Working in the dean’s office, Jaya has tried to maintain a sense of normalcy. “I got all dressed up on my first day with the excitement of a new job, despite knowing the commute was only a few steps to my desk,” she said.

And the experience has been rewarding thus far. She’s grateful for the warm welcome she’s had from Dean Taylor and her team, who hold daily Zoom calls.

“I am excited to meet my coworkers in person for the first time—the people I have been zooming with almost daily.  I’m really looking forward to this—even more than the actual physical workplace.”

The COVID-19 reality up close

Until that can happen, Adithya strongly advocates that people take social distancing seriously after observing first-hand the way this virus can affect people who were previously healthy. “The best way to defeat this virus,” he said, “is to not be infected in the first place.”

“Because of my exposure risk,” Adithya said, “it’s important to me that I distance myself from my loved ones. The Knight Center provides the perfect accommodations for myself and other clinicians to live comfortably.”

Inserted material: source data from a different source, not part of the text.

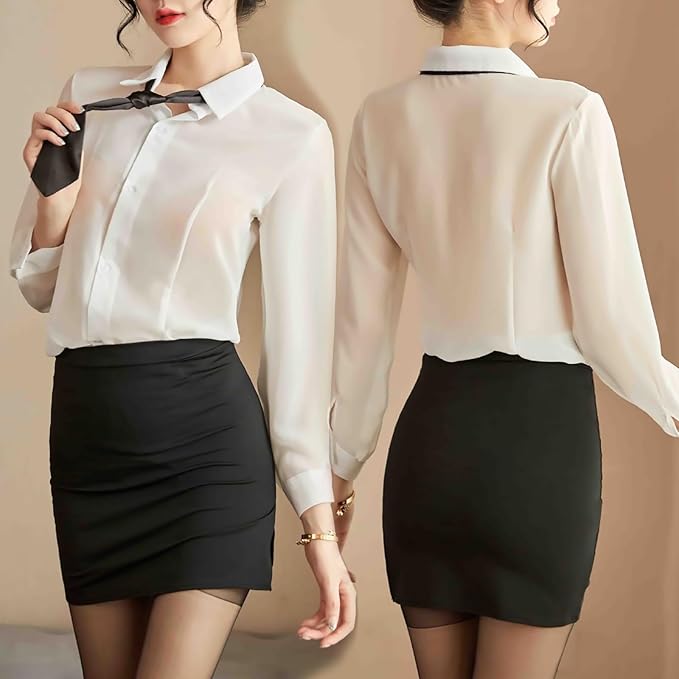 - ?[Sicherer und Bequemer Stoff]: Diese sexy Bürosekretärin-Uniform besteht aus hochwertigem Polyester und Elasthan. Das weiße Hemd ist leicht und atmungsaktiv, bequem und hautfreundlich; der Minirock fühlt sich dehnbar und seidig an. Bieten Sie ein hervorragendes Trageerlebnis.
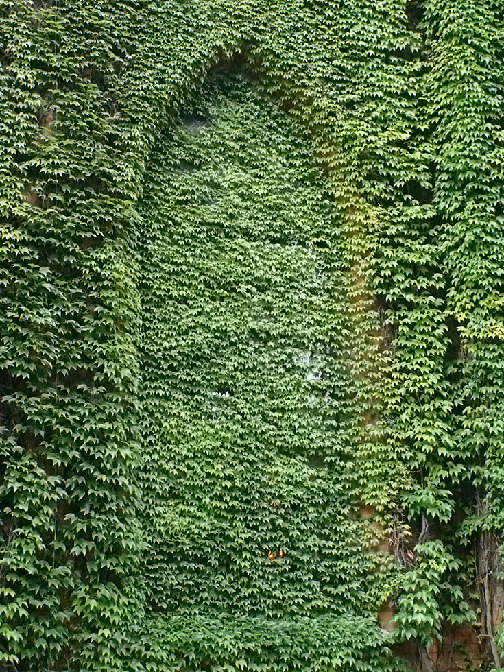 У этой церкви окно заросло плющом.
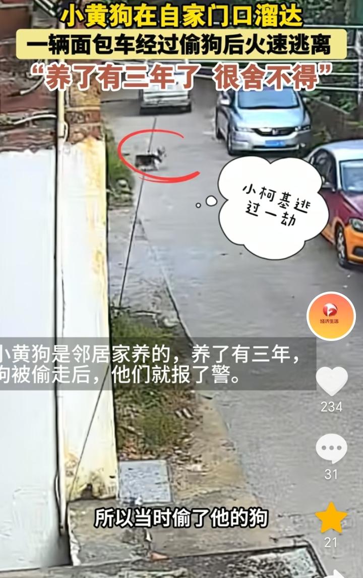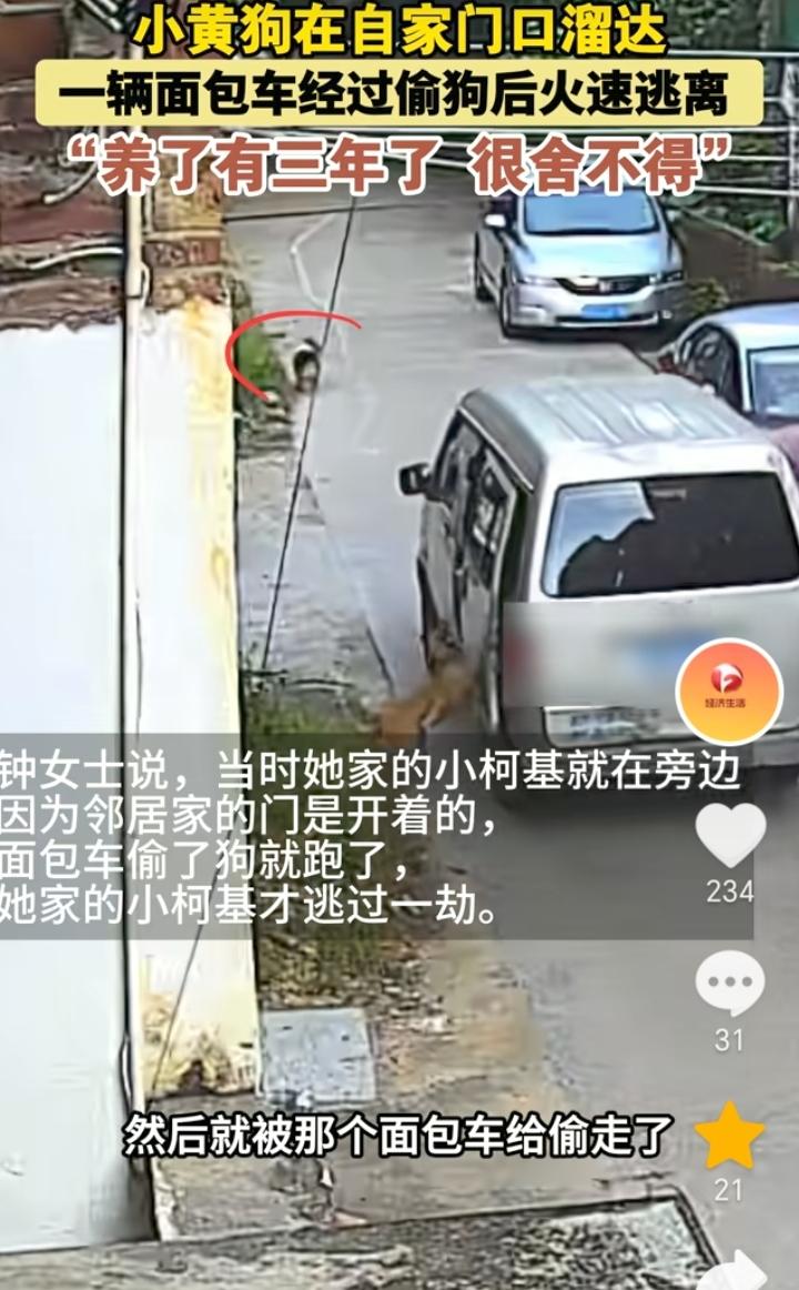 太可恶了!广东清远,视频中一只小黄狗被一辆路过的面包车偷走,然后迅速逃离。 据AHTV第一时间报道,10月8日广东清远,钟女士爆料,邻居家养了三年的小黄狗在自己家门口溜达,被经过的面包车给偷走了,当时她家的小柯基就在旁边,因为邻居家门是开着的,面包车偷了小黄狗就跑了,小柯基才逃过一劫,目前邻居家已经报警。 偷狗的人不仅胆大而且还非常的可恶,跑人家门口去偷狗,视频中可以看到,车是在缓慢行驶中里面的人直接开门把狗套走,手法相当的熟练,由此可见这些人应该就是惯犯。 狗被偷走后,下场无非就是卖到市场,或者就是上了餐桌,就因为有利可图所以才会有人铤而走险。 这件事的发生,也是给养狗的人提了个醒,如果人不在家那就最好是把狗拴在家里面,这样避免狗跑出去被偷走。
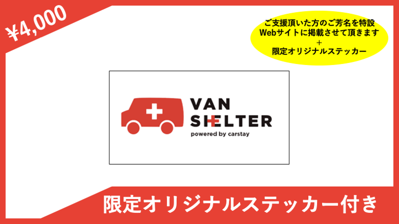 ● ご支援頂いた法人さま(または個人さま)のロゴデザイン(小)・ご芳名を特設Webサイト(Carstay.jp/jp/vanshelter ※月間約30万PV)および活動報告書に掲載させて頂きます。支援時、必ず備考欄にご希望のお名前をご記入下さい。希望されない方は、備考欄にその旨をご記入下さい。

Jaya is grateful that her son’s staying in her future place of work, too. While she worries for his safety, she said, “it makes me proud that he is there, doing his very best to help people get better.” And staying at the Knight Center relieves some of her fears.

This is an impossibly difficult time for the Bhat family, just like it is for so many families across the world. But the Bhats find hope in their community—which includes the Olin family.

“Every medical professional out there on the front line is tirelessly doing their very best to help patients,” she said. “They focus on each patient with the same care and attention.”

Adithya hopes the Knight Center staff knows of his and his fellow clinicians’ gratitude. “The staff have all been incredibly kind and accommodating. I’m optimistic that we will weather the storm together, and it’s an honor to serve the community during its time of need.”

And as to the special connection he now has to Olin, “I think it’s fantastic that my mom will eventually be working in the same building when the pandemic has finally quieted down,” he says. “I’ll know just where to meet her for an afternoon coffee!”